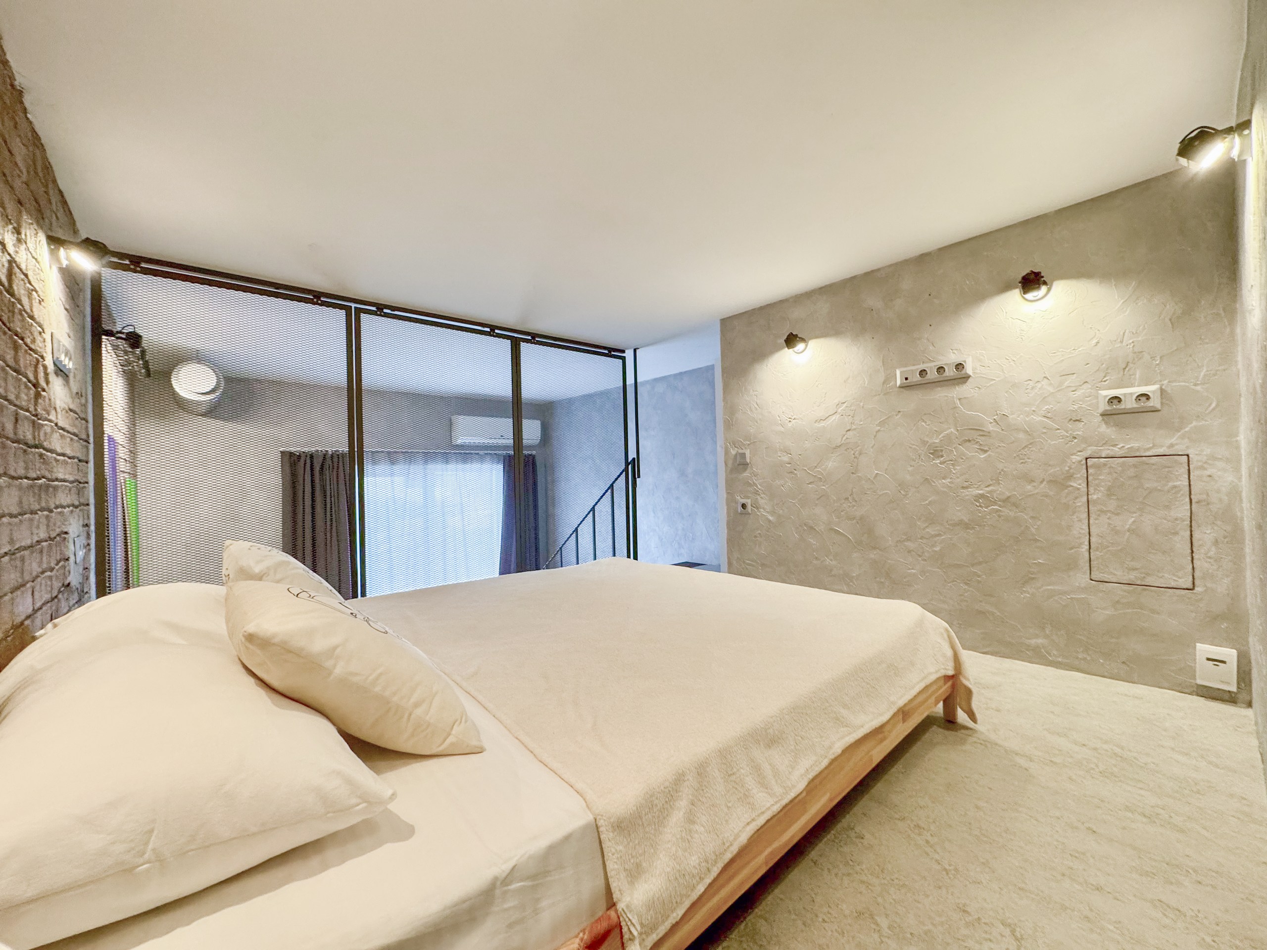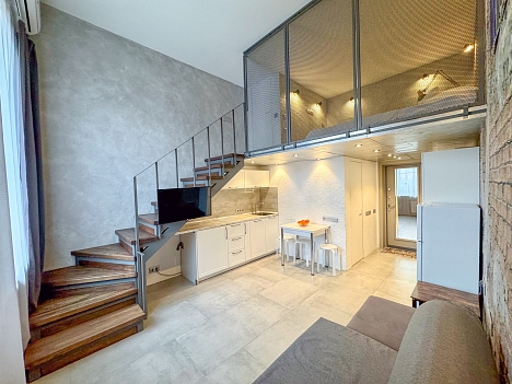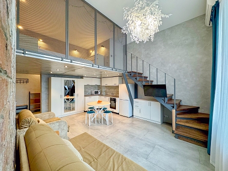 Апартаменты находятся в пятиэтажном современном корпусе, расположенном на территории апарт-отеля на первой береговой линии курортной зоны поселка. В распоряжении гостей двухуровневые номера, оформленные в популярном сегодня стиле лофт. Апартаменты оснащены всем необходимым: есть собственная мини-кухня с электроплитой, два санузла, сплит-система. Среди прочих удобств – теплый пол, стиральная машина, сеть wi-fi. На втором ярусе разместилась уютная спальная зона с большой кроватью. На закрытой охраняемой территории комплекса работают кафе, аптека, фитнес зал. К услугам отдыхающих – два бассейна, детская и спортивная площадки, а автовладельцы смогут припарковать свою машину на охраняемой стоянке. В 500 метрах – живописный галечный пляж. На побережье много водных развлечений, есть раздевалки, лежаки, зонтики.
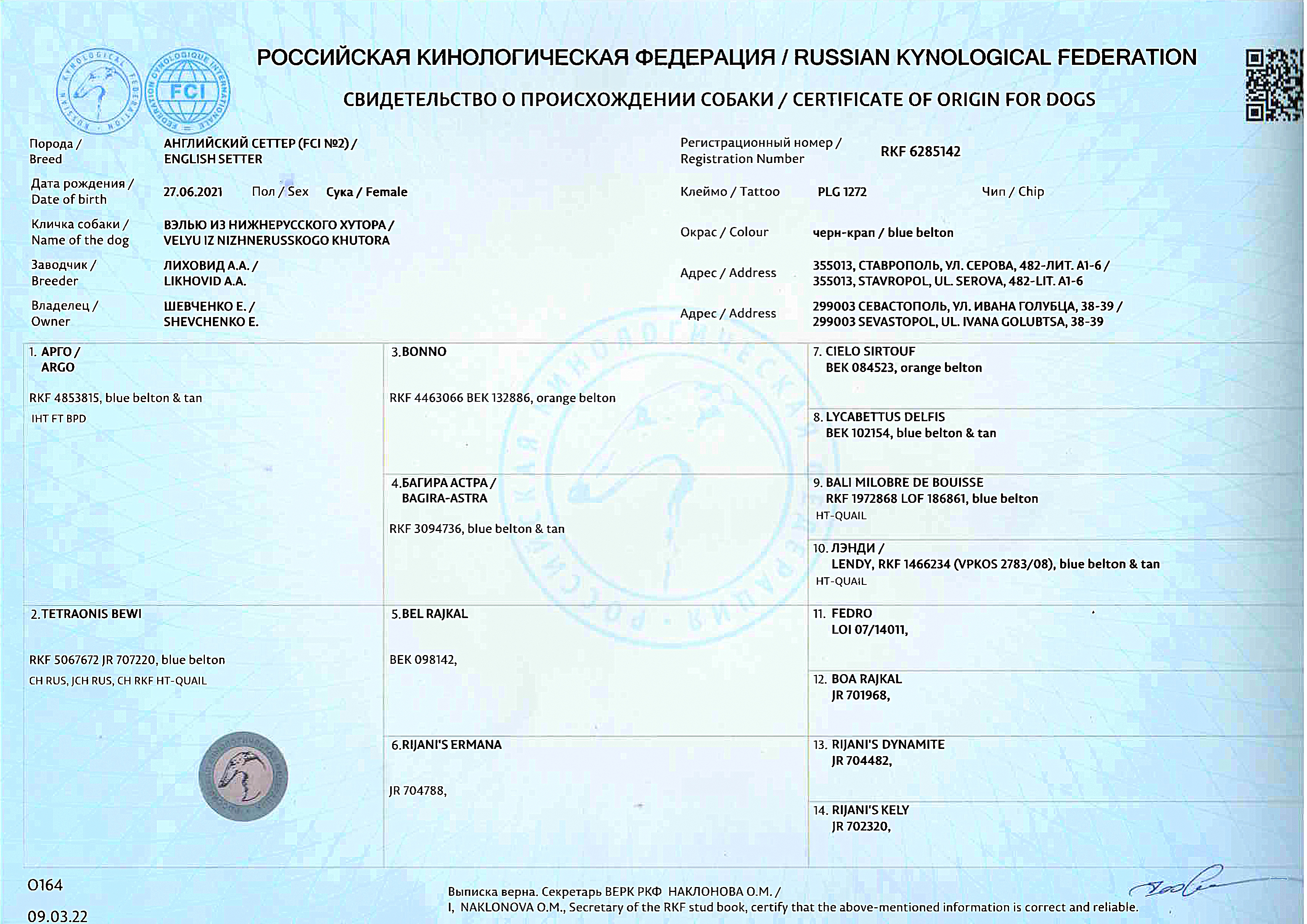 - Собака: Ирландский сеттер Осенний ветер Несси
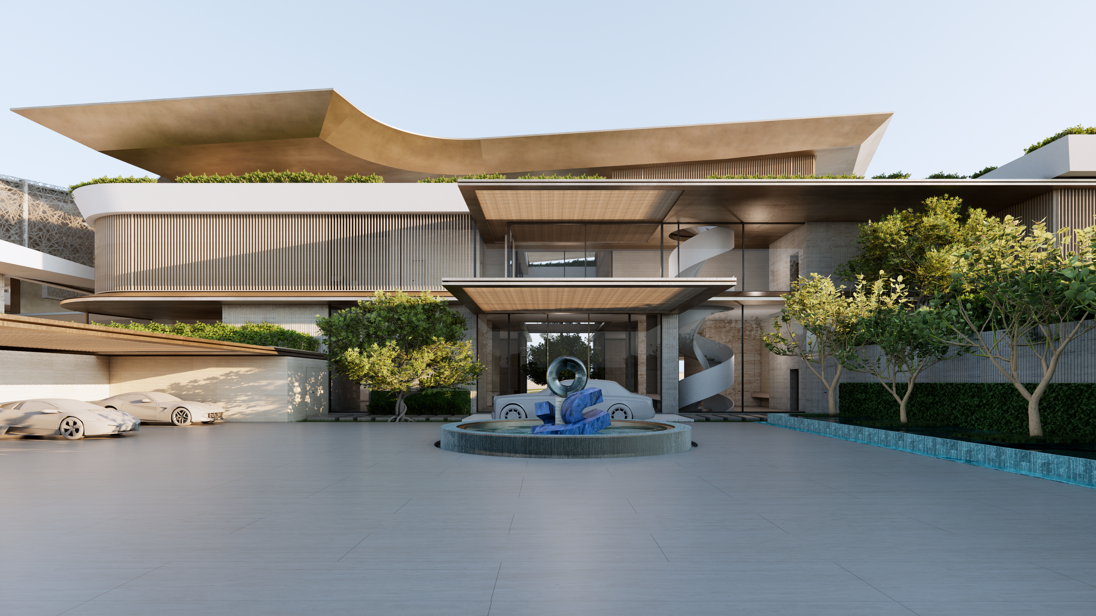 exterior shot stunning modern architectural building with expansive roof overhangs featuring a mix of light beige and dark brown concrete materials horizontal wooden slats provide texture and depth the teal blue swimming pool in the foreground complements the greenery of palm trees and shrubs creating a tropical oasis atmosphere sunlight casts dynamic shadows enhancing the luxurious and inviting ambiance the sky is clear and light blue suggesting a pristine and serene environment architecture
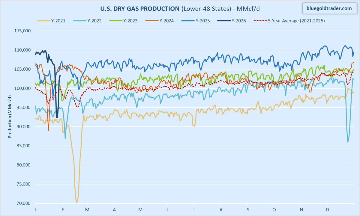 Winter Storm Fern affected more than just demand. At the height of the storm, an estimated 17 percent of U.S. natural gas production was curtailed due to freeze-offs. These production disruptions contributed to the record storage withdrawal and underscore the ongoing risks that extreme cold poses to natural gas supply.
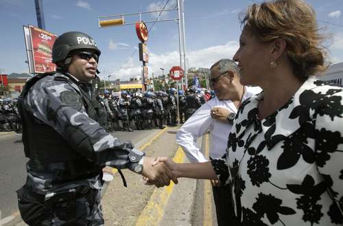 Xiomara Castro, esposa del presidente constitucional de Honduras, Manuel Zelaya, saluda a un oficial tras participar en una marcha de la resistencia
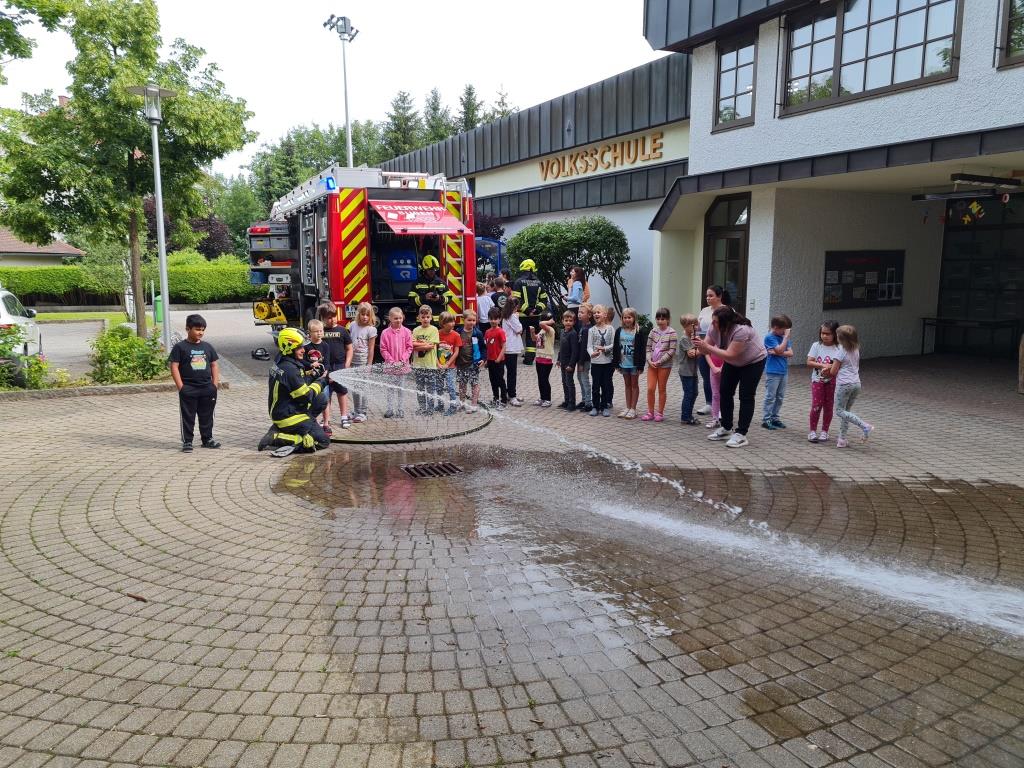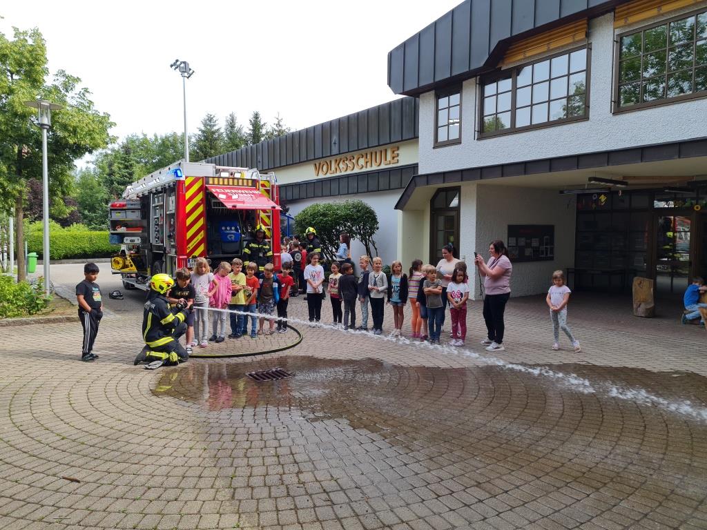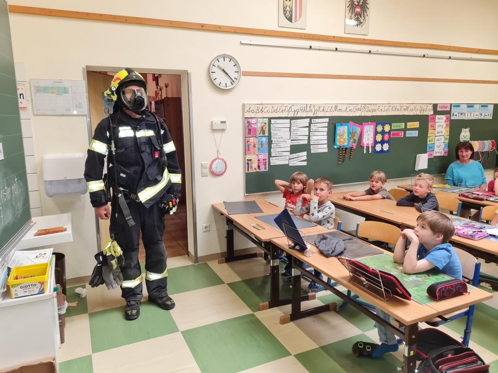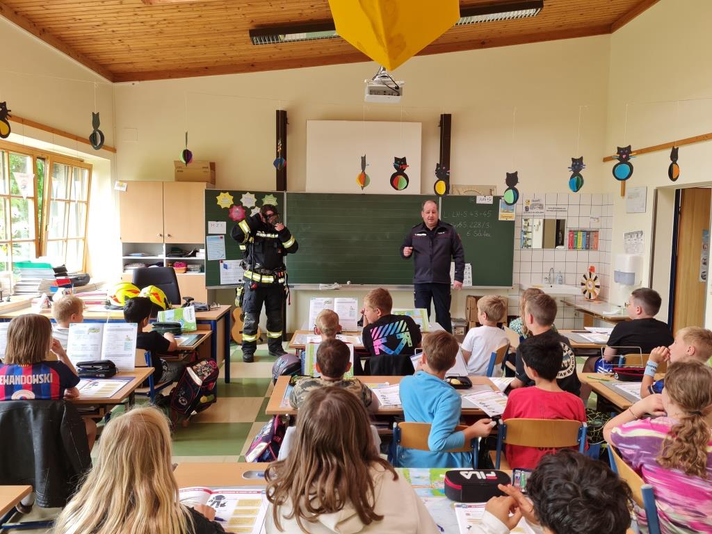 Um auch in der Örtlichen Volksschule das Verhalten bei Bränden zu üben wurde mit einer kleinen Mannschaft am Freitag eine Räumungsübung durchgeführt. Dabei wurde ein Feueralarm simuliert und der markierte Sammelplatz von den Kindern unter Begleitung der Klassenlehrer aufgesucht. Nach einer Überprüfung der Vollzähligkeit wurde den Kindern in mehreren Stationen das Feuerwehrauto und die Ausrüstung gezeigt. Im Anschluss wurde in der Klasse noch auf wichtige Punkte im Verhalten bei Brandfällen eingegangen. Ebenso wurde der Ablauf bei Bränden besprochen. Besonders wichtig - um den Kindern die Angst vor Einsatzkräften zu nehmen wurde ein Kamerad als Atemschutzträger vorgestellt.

(Work order): Return exactly what appears from the opening line of the material through the line with "Xiomara Castro, esposa", apart from the pictures.

(Solution to the exercise):
 Апартаменты находятся в пятиэтажном современном корпусе, расположенном на территории апарт-отеля на первой береговой линии курортной зоны поселка. В распоряжении гостей двухуровневые номера, оформленные в популярном сегодня стиле лофт. Апартаменты оснащены всем необходимым: есть собственная мини-кухня с электроплитой, два санузла, сплит-система. Среди прочих удобств – теплый пол, стиральная машина, сеть wi-fi. На втором ярусе разместилась уютная спальная зона с большой кроватью. На закрытой охраняемой территории комплекса работают кафе, аптека, фитнес зал. К услугам отдыхающих – два бассейна, детская и спортивная площадки, а автовладельцы смогут припарковать свою машину на охраняемой стоянке. В 500 метрах – живописный галечный пляж. На побережье много водных развлечений, есть раздевалки, лежаки, зонтики.
 - Собака: Ирландский сеттер Осенний ветер Несси
 exterior shot stunning modern architectural building with expansive roof overhangs featuring a mix of light beige and dark brown concrete materials horizontal wooden slats provide texture and depth the teal blue swimming pool in the foreground complements the greenery of palm trees and shrubs creating a tropical oasis atmosphere sunlight casts dynamic shadows enhancing the luxurious and inviting ambiance the sky is clear and light blue suggesting a pristine and serene environment architecture
 Winter Storm Fern affected more than just demand. At the height of the storm, an estimated 17 percent of U.S. natural gas production was curtailed due to freeze-offs. These production disruptions contributed to the record storage withdrawal and underscore the ongoing risks that extreme cold poses to natural gas supply.
 Xiomara Castro, esposa del presidente constitucional de Honduras, Manuel Zelaya, saluda a un oficial tras participar en una marcha de la resistencia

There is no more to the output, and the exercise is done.